BY PREMIER JOHN HORGAN
BEFORE this year, a global pandemic was something many of us had only read about in history books or heard about from elders in our lives who lived through the 1918 influenza. But COVID-19 changed that for all of us, turning our lives upside down.
When 2020 began, no one expected to say goodbye to a family member or friend tragically taken by a virus. None of us thought we would be enduring the challenges of isolation or job loss due to a virus.
This has been an incredibly hard year for millions of British Columbians. But it has also shown us what we can overcome when we take care of each other.
We will never forget our health care workers leaping into action, some moving temporarily into hotels so they could save lives while keeping their own families safe. For months, we banged our pots and pans on our doorsteps in their honour, and to thank the grocery clerks, truck drivers and farmers working overtime to help keep food on our tables.
From the bottom of our hearts, we thank the childcare workers and teachers who adjusted their plans and made it possible for our kids to keep learning and socializing – essential for their mental health and wellbeing.
And we raise our hands to the people in every corner of the province who made the difficult choice to stay home from their place of work or close the doors of their business.
Our government followed the advice of public health officials and took the strong action needed to slow the spread of the virus and protect those most vulnerable.
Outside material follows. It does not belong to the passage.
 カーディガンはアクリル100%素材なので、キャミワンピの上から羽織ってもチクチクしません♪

And we had the backs of people and businesses, delivering help to those who needed it most and began building a recovery that includes everyone.
We provided a $1,000 emergency benefit to help cover lost wages for more than 600,000 people, and provided peace of mind to over 86,000 renters with a relief supplement and protection from the threat of eviction. Now, the tax-free B.C. Recovery Benefit is available to help approximately 90 per cent of adults with up to $1,000 for families or $500 for individuals.
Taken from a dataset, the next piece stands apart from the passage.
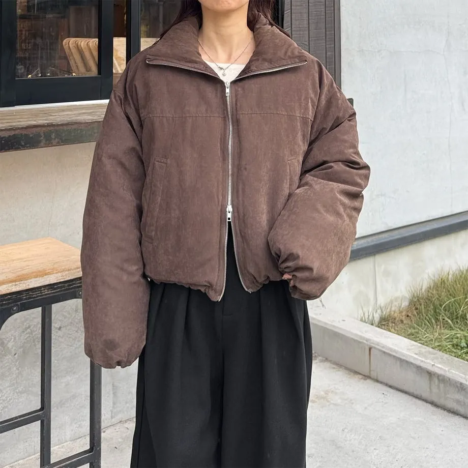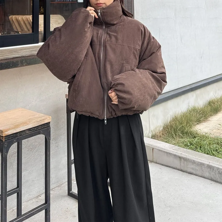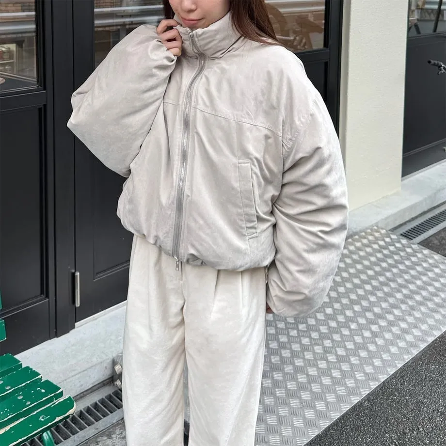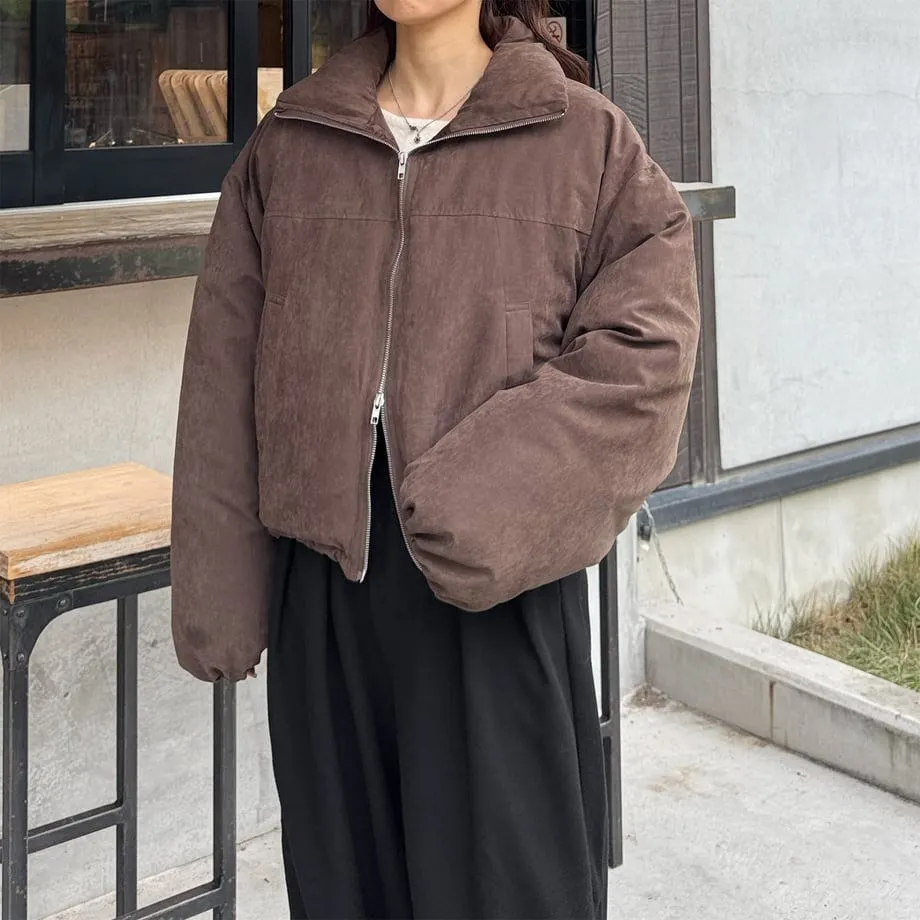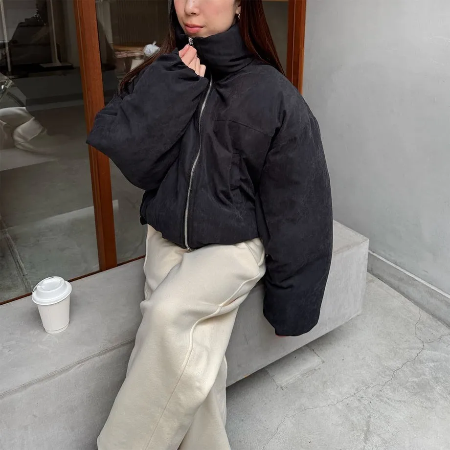 這款輕盈的短版外套採用霧面仿麂皮布料製成

My ministers and I spent much of the summer meeting virtually with people from all over the province. We heard stories about the disproportionate effects of the pandemic on women, young people, Indigenous peoples, new Canadians, and people earning less than $30 an hour – often those essential workers we rely on. The pandemic deepened systemic inequalities that need to be addressed.
In this way, COVID-19 has been a storm – destroying everything in its path – and a teacher. It has reminded us to pay attention to the things we might take for granted, and shown us that there is nothing we can’t accomplish when we work together.
Our StrongerBC economic recovery plan, built through consultation with working British Columbians, sets us on a path to improve health care, get people back to work, support B.C. businesses, and strengthen our communities.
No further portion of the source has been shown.